## Your task:
Output every line of the material exactly, omitting images.

## Source material:
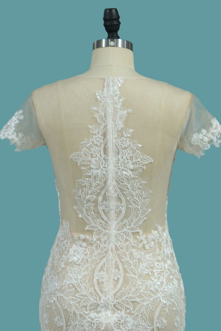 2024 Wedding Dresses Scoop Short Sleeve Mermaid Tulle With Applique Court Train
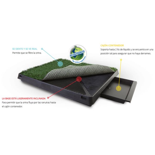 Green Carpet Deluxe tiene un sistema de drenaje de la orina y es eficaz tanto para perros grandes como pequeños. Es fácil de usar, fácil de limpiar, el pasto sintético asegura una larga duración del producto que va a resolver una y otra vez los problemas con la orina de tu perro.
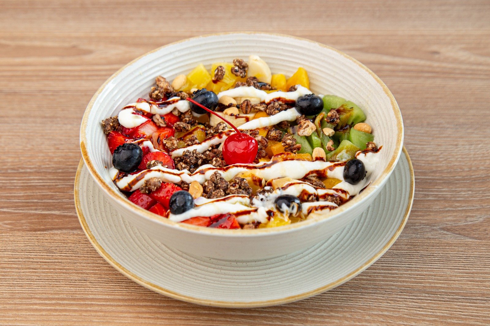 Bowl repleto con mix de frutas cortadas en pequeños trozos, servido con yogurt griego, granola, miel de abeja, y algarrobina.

## Result of the exercise:
 2024 Wedding Dresses Scoop Short Sleeve Mermaid Tulle With Applique Court Train
 Green Carpet Deluxe tiene un sistema de drenaje de la orina y es eficaz tanto para perros grandes como pequeños. Es fácil de usar, fácil de limpiar, el pasto sintético asegura una larga duración del producto que va a resolver una y otra vez los problemas con la orina de tu perro.
 Bowl repleto con mix de frutas cortadas en pequeños trozos, servido con yogurt griego, granola, miel de abeja, y algarrobina.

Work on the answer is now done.